The vibration phenomenon that occurs from the transformer are roughly divided into two categories: excitation vibration or winding vibration. Excitation vibration is a vibration phenomenon that occurs with the vibratory force as the vibration source, caused by the magnetic flux that excites the iron core. It is said that magnetostrictive force inside the iron core and the magnetic attraction of the joint part contribute to vibratory force. As opposed to this, winding vibration is a vibration phenomenon that occurs when flux leakage from the winding works on the current inside the winding and produces Lorentz force, which becomes the vibration source. Transformers run with commercial frequency and vibratory force caused by electromagnetic phenomena requires the component of the second harmonics. Commercial frequencies seem like low compared to general electric products; however some large power transformers have iron cores with a few meters in size, and the eigenfrequency becomes equivalent to commercial frequencies. For this reason, since basic wave components of large vibratory force have effect on vibration phenomena, it is important to take vibration prevention countermeasures.

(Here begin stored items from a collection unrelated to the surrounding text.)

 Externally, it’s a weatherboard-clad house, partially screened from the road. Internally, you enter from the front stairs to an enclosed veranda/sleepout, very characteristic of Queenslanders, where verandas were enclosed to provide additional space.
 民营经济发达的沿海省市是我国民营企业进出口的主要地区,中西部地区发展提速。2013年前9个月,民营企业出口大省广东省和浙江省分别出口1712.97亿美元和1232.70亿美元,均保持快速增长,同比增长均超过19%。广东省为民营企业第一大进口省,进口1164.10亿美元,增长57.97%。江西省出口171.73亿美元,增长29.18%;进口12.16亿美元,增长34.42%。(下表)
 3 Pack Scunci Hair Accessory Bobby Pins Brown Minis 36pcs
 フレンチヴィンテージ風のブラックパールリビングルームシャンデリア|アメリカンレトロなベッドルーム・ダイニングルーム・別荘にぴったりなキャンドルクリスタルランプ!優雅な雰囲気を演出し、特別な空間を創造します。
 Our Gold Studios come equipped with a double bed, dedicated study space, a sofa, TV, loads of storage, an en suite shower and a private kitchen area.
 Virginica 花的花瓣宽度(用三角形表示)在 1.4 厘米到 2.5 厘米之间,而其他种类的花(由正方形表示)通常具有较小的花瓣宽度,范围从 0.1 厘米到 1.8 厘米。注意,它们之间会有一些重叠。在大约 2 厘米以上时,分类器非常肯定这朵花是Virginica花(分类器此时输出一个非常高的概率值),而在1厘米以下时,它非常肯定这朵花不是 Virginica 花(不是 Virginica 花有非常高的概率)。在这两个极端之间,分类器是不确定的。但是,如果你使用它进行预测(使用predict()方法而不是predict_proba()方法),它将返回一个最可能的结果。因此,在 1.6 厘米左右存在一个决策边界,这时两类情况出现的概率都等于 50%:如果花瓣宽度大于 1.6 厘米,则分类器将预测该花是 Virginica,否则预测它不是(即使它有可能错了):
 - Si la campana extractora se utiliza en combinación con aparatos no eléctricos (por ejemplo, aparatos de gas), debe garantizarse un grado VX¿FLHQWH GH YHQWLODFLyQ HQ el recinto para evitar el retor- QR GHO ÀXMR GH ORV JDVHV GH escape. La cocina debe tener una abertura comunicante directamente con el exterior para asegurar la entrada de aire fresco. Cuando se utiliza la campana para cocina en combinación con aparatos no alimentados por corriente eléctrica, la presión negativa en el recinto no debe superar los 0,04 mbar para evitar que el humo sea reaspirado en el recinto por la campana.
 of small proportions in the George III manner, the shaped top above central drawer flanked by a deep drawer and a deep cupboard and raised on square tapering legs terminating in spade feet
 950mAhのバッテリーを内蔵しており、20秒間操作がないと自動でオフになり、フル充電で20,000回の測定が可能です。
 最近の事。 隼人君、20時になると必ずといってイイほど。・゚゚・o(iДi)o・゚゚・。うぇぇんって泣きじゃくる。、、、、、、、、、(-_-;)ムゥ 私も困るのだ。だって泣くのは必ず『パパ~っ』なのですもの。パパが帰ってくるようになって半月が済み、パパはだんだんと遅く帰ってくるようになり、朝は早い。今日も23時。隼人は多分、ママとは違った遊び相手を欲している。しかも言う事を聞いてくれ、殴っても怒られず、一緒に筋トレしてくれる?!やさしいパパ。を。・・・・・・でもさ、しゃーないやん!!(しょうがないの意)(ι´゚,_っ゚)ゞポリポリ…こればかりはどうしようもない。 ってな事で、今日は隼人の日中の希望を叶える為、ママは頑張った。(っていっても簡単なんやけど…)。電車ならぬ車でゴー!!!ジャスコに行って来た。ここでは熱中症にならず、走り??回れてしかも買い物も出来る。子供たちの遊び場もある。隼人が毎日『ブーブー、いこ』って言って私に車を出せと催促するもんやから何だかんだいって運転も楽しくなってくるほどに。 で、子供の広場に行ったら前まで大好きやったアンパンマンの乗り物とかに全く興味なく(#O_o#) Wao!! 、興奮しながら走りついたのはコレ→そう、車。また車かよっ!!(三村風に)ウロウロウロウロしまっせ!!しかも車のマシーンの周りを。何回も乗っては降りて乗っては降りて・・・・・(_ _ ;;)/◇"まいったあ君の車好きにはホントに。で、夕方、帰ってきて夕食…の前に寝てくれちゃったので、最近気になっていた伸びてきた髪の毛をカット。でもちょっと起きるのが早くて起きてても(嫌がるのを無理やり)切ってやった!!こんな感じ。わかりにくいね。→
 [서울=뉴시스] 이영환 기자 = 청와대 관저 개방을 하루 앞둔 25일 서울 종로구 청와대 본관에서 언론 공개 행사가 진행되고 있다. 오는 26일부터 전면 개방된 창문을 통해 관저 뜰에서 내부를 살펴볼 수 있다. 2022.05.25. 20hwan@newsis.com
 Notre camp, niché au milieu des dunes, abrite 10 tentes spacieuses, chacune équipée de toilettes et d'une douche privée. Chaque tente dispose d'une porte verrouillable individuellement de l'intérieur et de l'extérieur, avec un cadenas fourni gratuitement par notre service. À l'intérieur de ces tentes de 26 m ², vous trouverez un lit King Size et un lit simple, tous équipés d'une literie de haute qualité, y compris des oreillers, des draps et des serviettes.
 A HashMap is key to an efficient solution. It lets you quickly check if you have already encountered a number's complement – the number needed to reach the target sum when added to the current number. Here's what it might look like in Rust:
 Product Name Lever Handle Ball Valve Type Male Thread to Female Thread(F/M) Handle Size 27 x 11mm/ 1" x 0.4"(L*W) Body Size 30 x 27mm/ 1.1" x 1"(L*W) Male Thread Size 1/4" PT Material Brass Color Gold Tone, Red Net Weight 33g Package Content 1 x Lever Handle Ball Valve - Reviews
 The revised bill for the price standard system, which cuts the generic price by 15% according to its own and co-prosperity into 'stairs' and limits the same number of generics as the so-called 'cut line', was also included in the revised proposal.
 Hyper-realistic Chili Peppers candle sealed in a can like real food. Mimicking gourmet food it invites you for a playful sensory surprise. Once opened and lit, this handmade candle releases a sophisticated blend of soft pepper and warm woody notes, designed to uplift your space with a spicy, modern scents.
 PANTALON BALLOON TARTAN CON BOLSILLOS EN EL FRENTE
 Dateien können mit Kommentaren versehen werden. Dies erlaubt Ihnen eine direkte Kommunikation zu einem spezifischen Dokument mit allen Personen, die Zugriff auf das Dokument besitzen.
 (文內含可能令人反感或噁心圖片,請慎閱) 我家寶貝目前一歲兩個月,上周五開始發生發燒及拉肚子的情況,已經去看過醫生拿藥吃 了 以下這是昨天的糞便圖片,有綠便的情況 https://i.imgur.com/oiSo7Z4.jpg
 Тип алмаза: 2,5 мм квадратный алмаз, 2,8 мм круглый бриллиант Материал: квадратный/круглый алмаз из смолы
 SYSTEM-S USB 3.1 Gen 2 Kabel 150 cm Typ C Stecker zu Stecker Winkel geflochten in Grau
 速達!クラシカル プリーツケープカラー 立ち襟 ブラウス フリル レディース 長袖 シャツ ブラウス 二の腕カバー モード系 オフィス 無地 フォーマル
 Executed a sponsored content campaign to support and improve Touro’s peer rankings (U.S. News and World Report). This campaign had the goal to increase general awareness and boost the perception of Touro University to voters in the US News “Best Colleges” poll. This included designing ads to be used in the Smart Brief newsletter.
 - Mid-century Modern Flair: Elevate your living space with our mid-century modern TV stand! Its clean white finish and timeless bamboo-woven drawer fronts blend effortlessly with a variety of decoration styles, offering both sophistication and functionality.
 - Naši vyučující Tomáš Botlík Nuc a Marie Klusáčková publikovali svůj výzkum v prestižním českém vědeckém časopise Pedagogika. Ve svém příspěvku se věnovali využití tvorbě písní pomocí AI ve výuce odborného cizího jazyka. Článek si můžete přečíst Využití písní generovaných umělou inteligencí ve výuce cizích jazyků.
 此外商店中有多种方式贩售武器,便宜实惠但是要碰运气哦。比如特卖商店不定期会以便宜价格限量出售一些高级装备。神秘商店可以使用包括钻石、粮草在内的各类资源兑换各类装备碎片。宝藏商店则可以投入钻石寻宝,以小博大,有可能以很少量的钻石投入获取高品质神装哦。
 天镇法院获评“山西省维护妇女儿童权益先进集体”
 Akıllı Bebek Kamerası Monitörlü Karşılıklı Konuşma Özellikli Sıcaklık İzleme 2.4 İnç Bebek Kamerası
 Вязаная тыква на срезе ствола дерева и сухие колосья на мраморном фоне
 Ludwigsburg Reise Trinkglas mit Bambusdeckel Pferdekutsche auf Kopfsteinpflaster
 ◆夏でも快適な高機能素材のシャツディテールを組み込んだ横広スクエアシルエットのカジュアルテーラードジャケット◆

3. Necessity of Magnetic Field – Structural Coupling Analysis

In a vibration phenomena analysis, vibration analysis setting the iron and winding as the vibration source works fine but since the vibration source has distribution, a preciseestimate of distribution will be required for an accurate evaluation.


Excitation vibration occurs with magnetostriction vibration along with the magnetic flux flow inside the iron core and the electromagnetic attraction at the contact part of the yoke and leg as the vibration source. Anisotropic magnetic steel sheet is used for the iron core but anisotropy has large influence not only on the flow of magnetic flux but also on the distribution of magnetostrictive force and electromagnetic force. For this reason, an estimate of excitation force will require electromagnetic field analysis accountring for anisotropy. Lorentz force, which is the vibratory source of winding vibration is greatly influenced by the leakage flux from the winding; however, since leakage flux distribution is also largely influenced by the positioning of the clamp and shield, it is extermely difficult to predict distribution without using magnetic field analysis.


For this reason, it is inevitable to accurately evaluate the magnetostrictive force and Lorentz force as the vibratory source when estimating the distribution of the vibratory source of the transformer. A magnetic field / structure coupling analysis is necessary for a vibration / noise analysis.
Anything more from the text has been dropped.